Working in collaboration with architects Herzog & de Meuron, the new extension provides 60% more space for the Tate’s collection and includes a wide variety of learning, outreach and social spaces for visitors. This required a flexible design approach and a fundamental understanding of the principles of effective lighting and fire safety engineering to ensure that the Architect’s vision could be realised.

Imaginative lighting

The creative lighting strategy had to provide daylight and electric lighting that not only accentuated the exhibitions and created a high quality lit environment for visitors internally, but also, due to the variety and changing nature of exhibitions throughout the life of the museum, had to be flexible enough to adapt to any possible installation. Our lighting team had to take into account the lighting requirements for the wide variety of social and educational spaces for patrons to enhance the overall visitor experience. We lit the public areas to help guide people through the new building, to accentuate the architecture and to create a scheme that integrated sensitively with the lighting for the existing museum.

Externally, Arup’s lighting design balances the requirements of creating new public spaces surrounding a world-class museum with an understated approach that is a sensitive addition to the Bankside neighbourhood.

Tate’s brief required the extension to take a “leading role in sustainability”, targeting a lighting installation that used at least 20% less energy than a typical gallery and that helped the building to achieve a BREEAM 'Very Good' Rating under the BREEAM Bespoke 2006 scheme. Arup implemented low energy fluorescent and LED lighting throughout, including LED spotlights for the gallery spaces that use less than half the energy of traditional halogen spots, without compromising on the quality of light for the art.

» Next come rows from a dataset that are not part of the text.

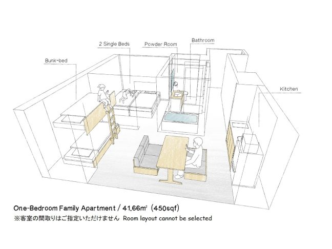 マスターベッドルームを備えたお部屋。子どもも喜ぶ2段ベッド付き。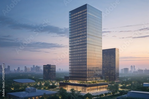 Obraz premium Sleek Corporate Architecture Bathed in Soft Morning Light Over Serene Cityscape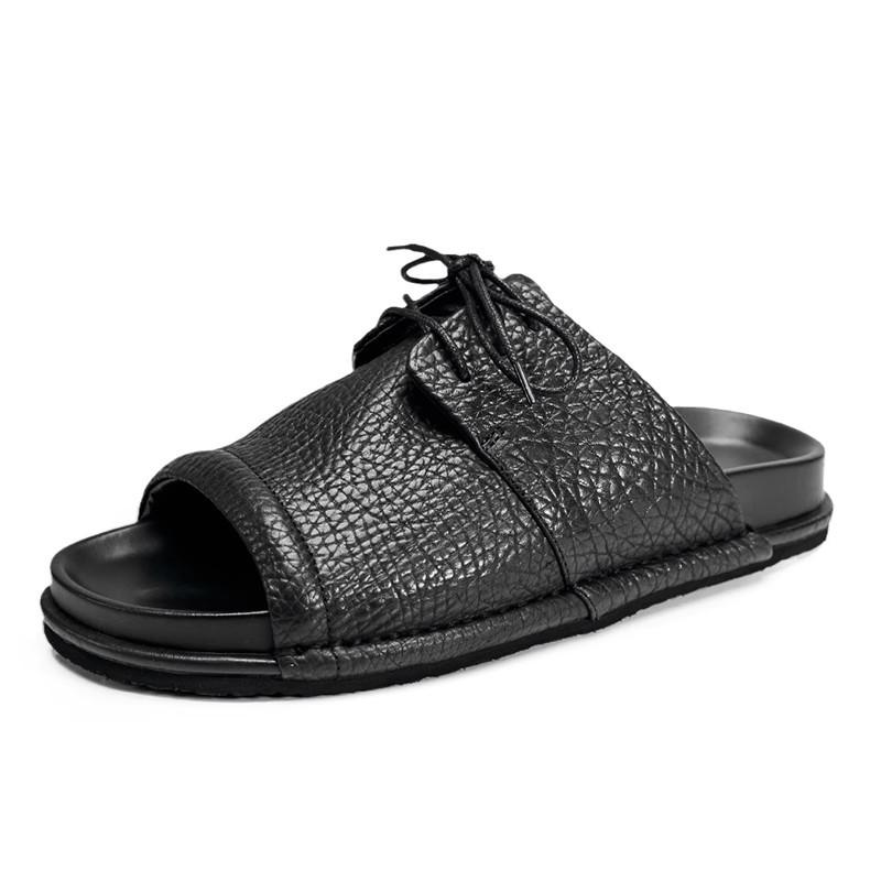 Лучшие роскошные мужские тапочки из натуральной кожи, удобные, прохладные, лето 2024, популярные, новые, мужские пляжные сандалии из мягкой кожи, черные 6 чёрный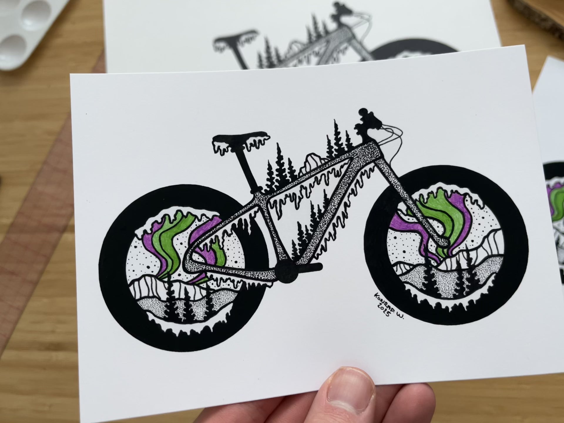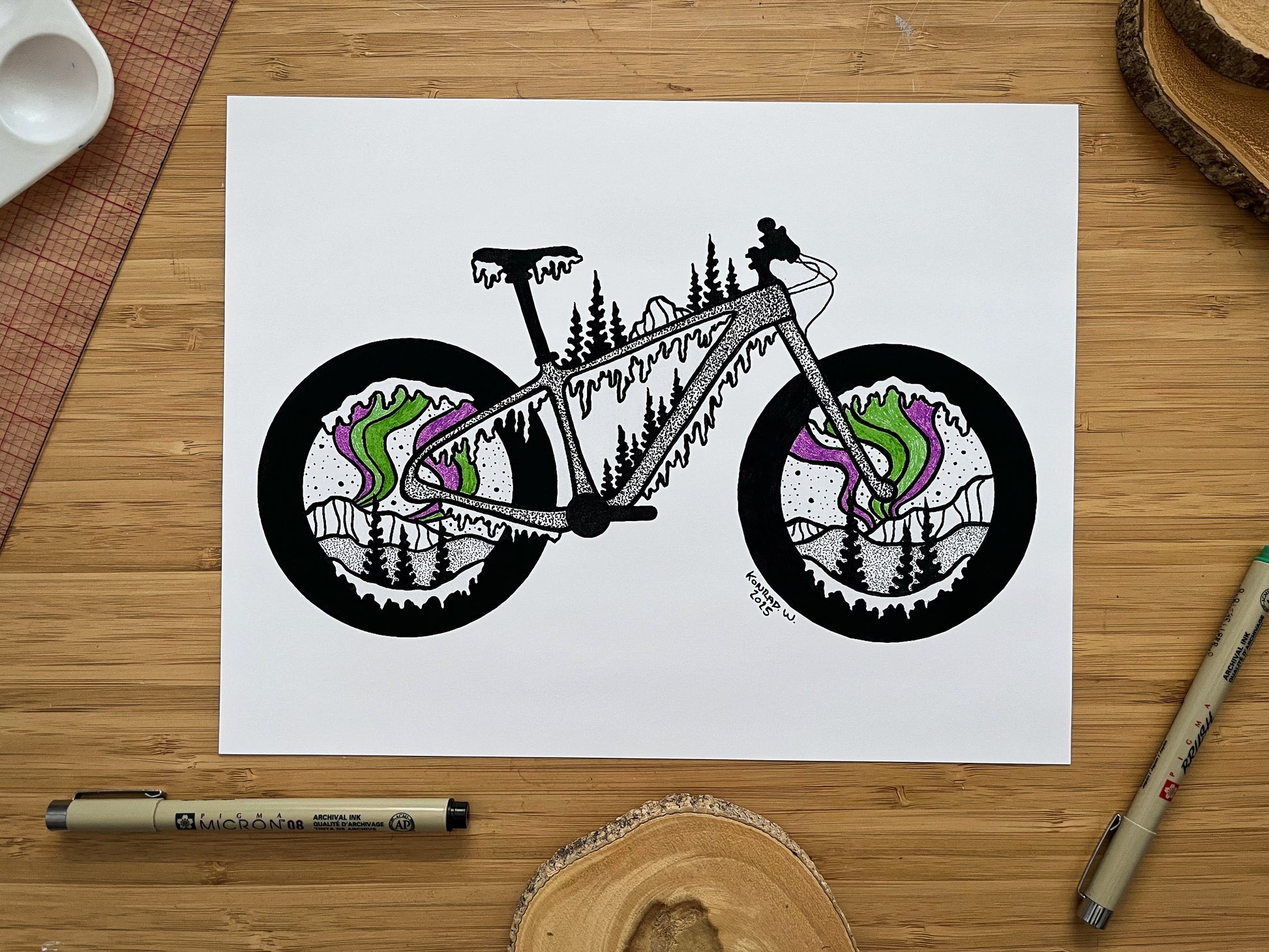 Fat Bike Northern Lights - Pen and Ink PRINT

The design ensures the safety of occupants, whilst also protecting the high value contents and the ongoing operation of the building.

Total Fire Engineering

Such a sophisticated building requires a fire safety strategy that will protect the millions of visitors each year, as well as the irreplaceable artwork and installations in the building. Arup’s innovative Total Fire Engineering concept was implemented from the earliest stages of the project, allowing fire safety to be seamlessly integrated from inception through to completion of the building.

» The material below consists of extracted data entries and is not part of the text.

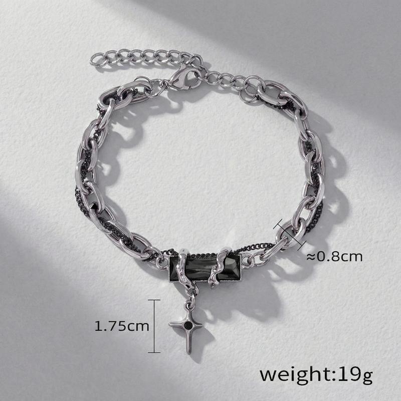Punk Style Cross Bracelet, Cyber Y2K Silver Tone Chain with Black Stone - Vintage Aesthetic Jewelry for Women Men
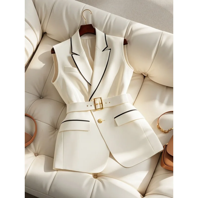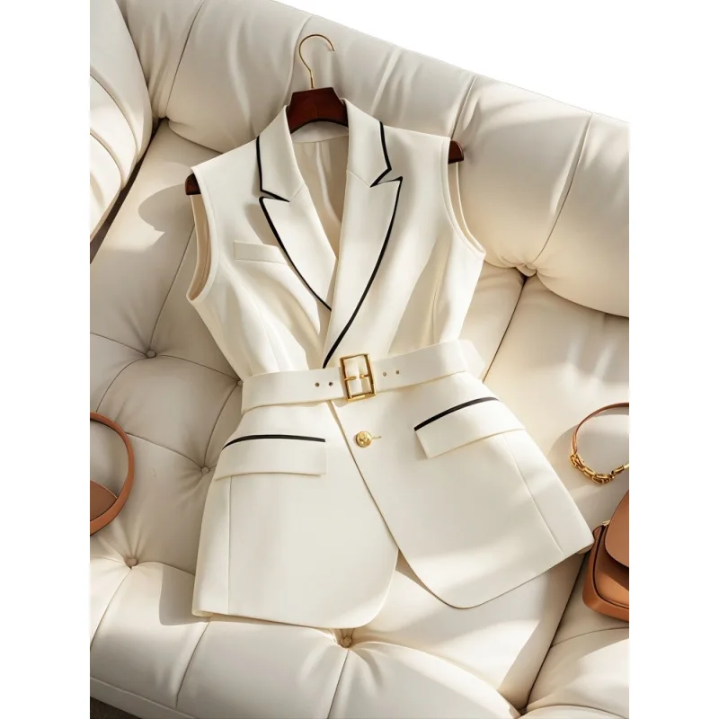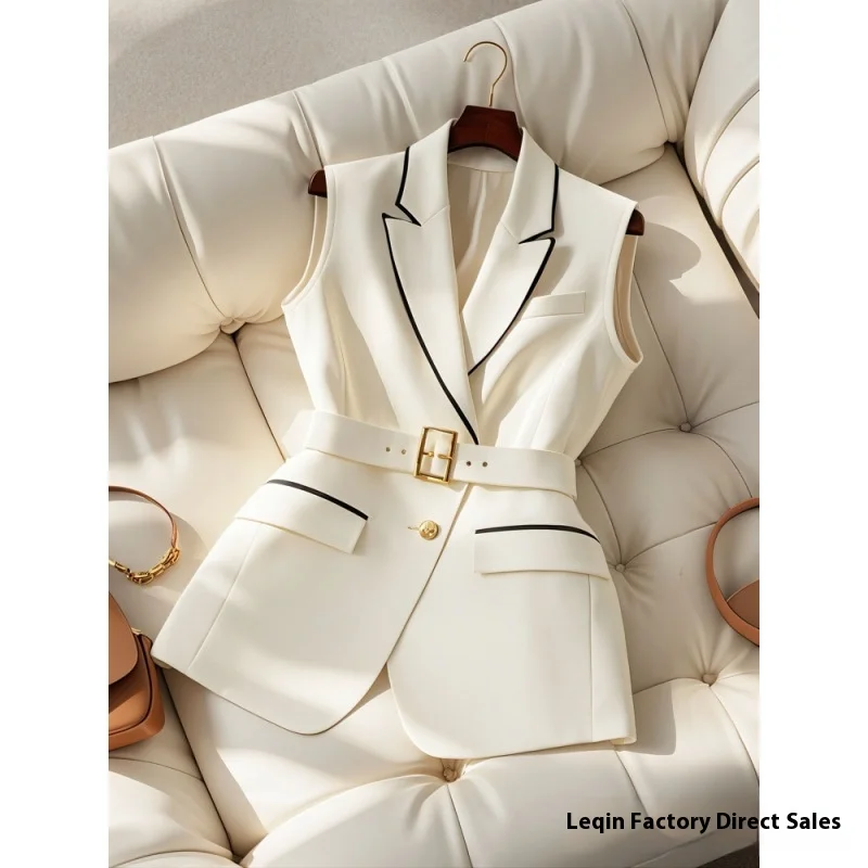 GX0426 Fashion Clothing Women Sleeveless Lapel V-neck Ladies Jacket with Belt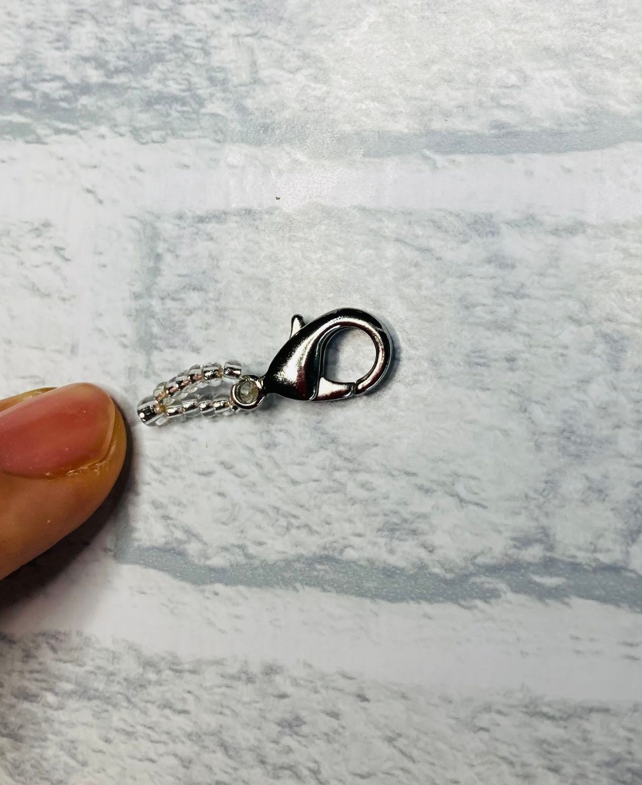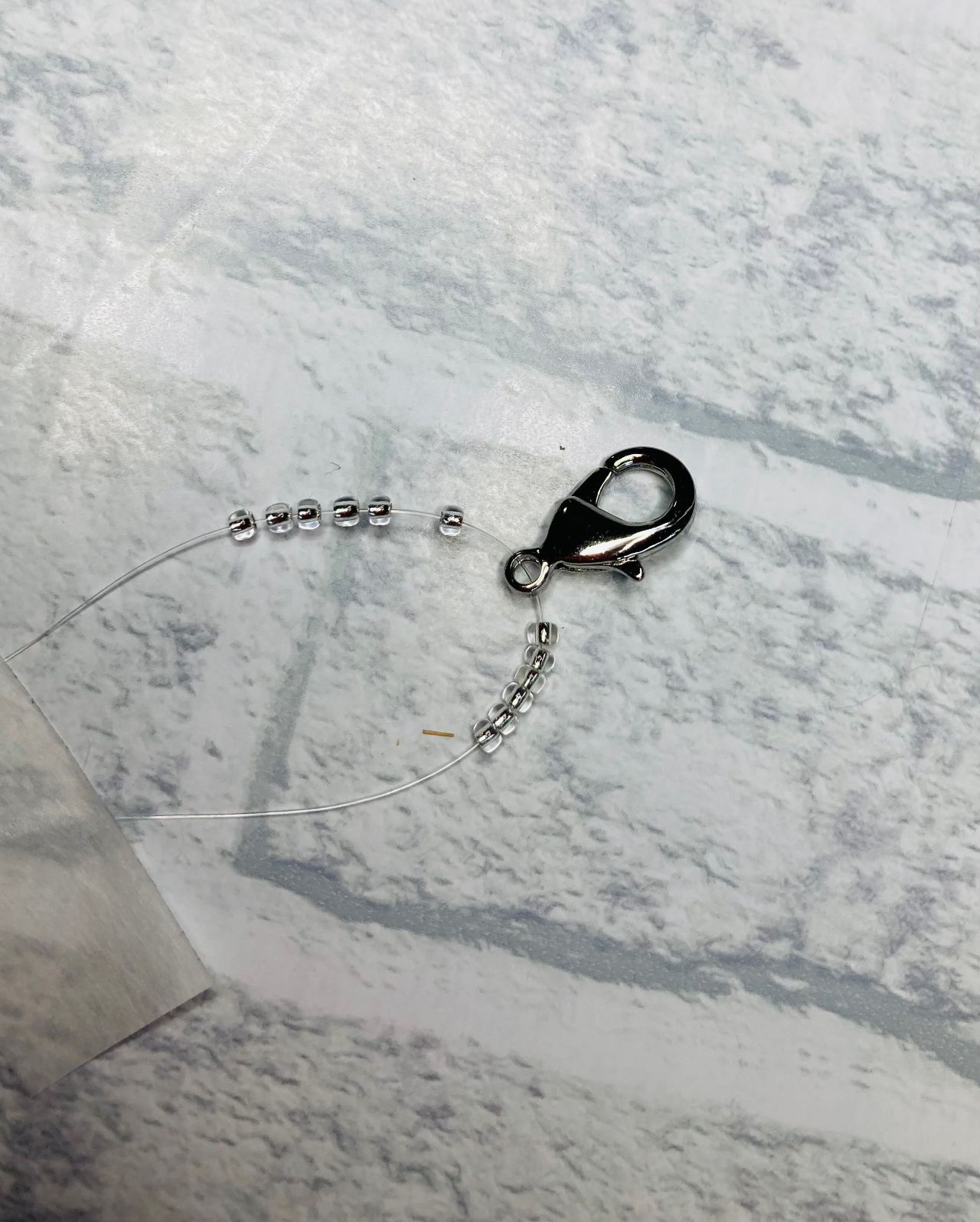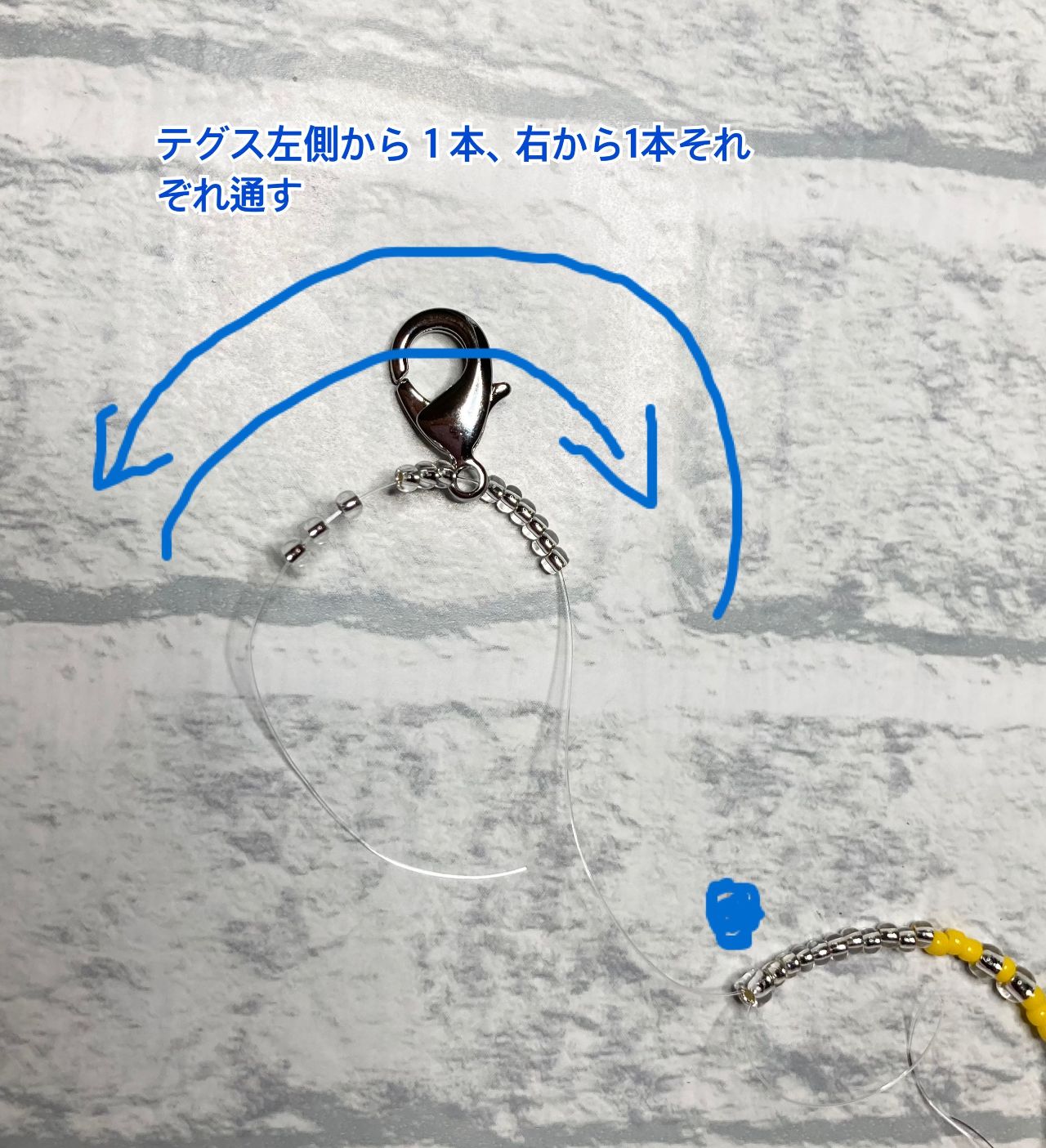 片側のテグスからビーズを6個通しカニカンを通し、次に再びビーズ6個を通しテグスを優しく半分に折った中央あたりに配置する。

The architectural centrepiece of the building is the Vertical Boulevard; a unique central staircase penetrating all floors and bringing visitors on a journey from the galleries at the lowest level, to the public bar at the highest level. This flies in the face of conventional fire safety design which would have walls enclosing the stairs to isolate one floor from the next and hence prevent fire and smoke spread.

Arup was uniquely placed to understand the way that the Tate would use the spaces over the building’s eleven storeys; the type of fire that could develop as a result; how smoke and fire might spread through the building; and how occupants would move to a place of safety.

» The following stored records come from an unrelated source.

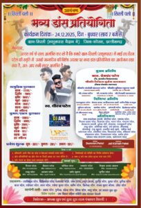 हरदीबाजार — ग्राम पंचायत सिरली (स्कूलपारा मैदान) में बुधवार 24 दिसंबर 2025 को सायं 7 बजे से एक भव्य डांस प्रतियोगिता का आयोजन किया जाएगा। यह कार्यक्रम स्वर्गीय धीरज पटेल की स्मृति एवं उनके जन्मदिवस के विशेष अवसर पर आयोजित किया जा रहा है, जिसमें क्षेत्र के युवा कलाकार अपनी नृत्य प्रतिभा का शानदार प्रदर्शन करेंगे।कार्यक्रम को लेकर ग्राम सिरली सहित आसपास के ग्रामीण अंचलों में खासा उत्साह देखने को मिल रहा है। प्रतियोगिता में सामूहिक नृत्य एवं युगल नृत्य की आकर्षक प्रस्तुतियां होंगी। आयोजकों द्वारा विजेताओं के लिए आकर्षक नकद पुरस्कार एवं शील्ड की व्यवस्था की गई है।
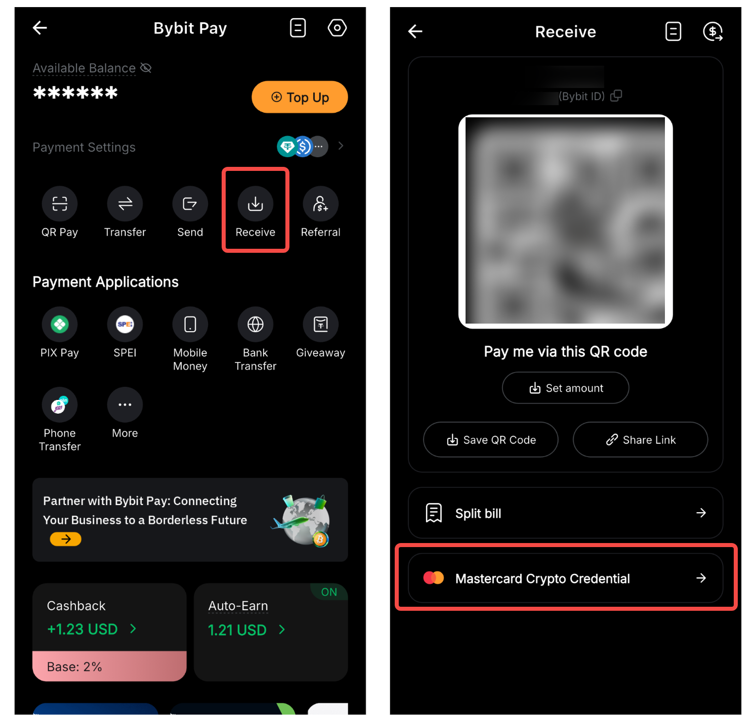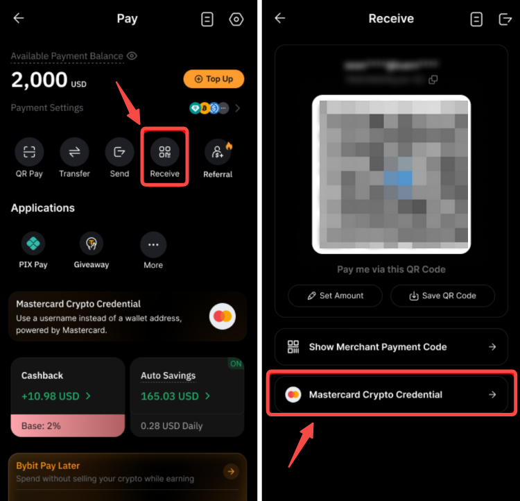 Passo 1: Na página do Bybit Pay, toque em Receber → Mastercard Crypto Credential, em seguida toque em Registrar.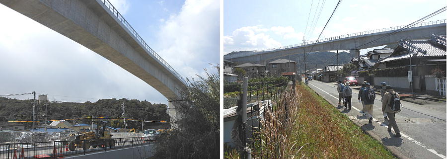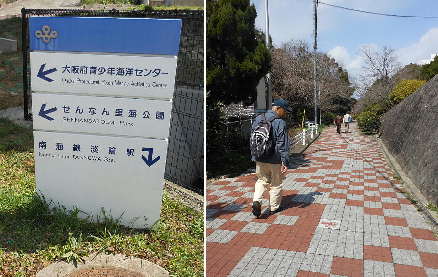 おじさんの案内で、線路を越えて淡輪ヨットハーバー方面へ歩く。陸橋の下が淡輪駅である。

Advanced computational modelling was used to develop a tailored suite of active and passive fire safety systems specifically for this building, to enable Herzog & de Meuron’s vision and to provide Tate a totally unique fire safety design.

Our involvement during the construction phase was equally as important to ensure the correct implementation of the fire safety strategy, considering the wide range of materials to be used and complex geometries and interfaces created by the innovative architectural design.